**Exercise brief**
Would you repeat the listing exactly but omit every picture?

**Dataset content**
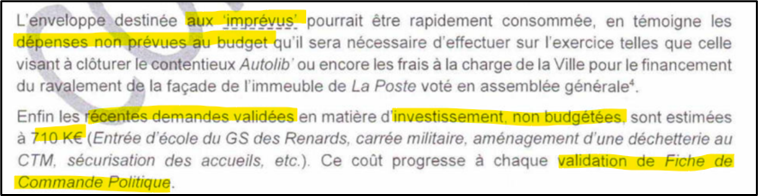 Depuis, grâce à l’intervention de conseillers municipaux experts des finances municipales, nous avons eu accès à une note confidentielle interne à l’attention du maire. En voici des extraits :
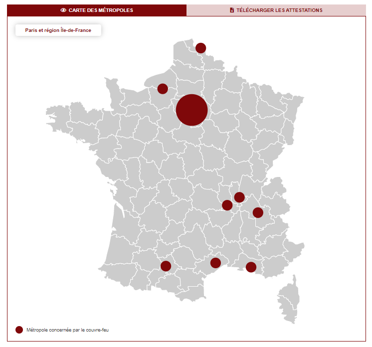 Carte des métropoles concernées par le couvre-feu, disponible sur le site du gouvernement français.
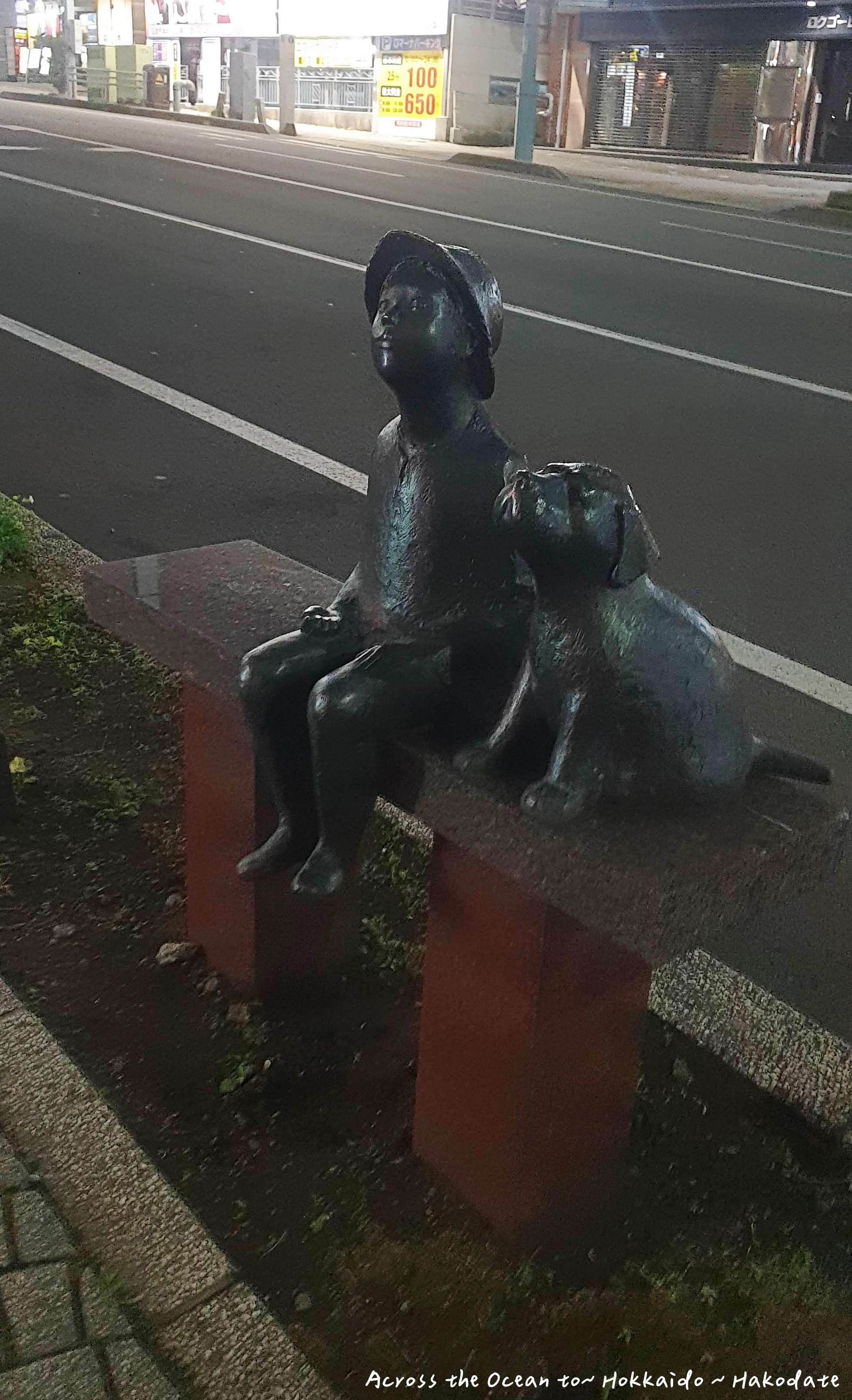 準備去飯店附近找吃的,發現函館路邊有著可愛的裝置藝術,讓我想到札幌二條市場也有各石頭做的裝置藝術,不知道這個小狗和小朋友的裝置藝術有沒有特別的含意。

**Your response**
 Depuis, grâce à l’intervention de conseillers municipaux experts des finances municipales, nous avons eu accès à une note confidentielle interne à l’attention du maire. En voici des extraits :
 Carte des métropoles concernées par le couvre-feu, disponible sur le site du gouvernement français.
 準備去飯店附近找吃的,發現函館路邊有著可愛的裝置藝術,讓我想到札幌二條市場也有各石頭做的裝置藝術,不知道這個小狗和小朋友的裝置藝術有沒有特別的含意。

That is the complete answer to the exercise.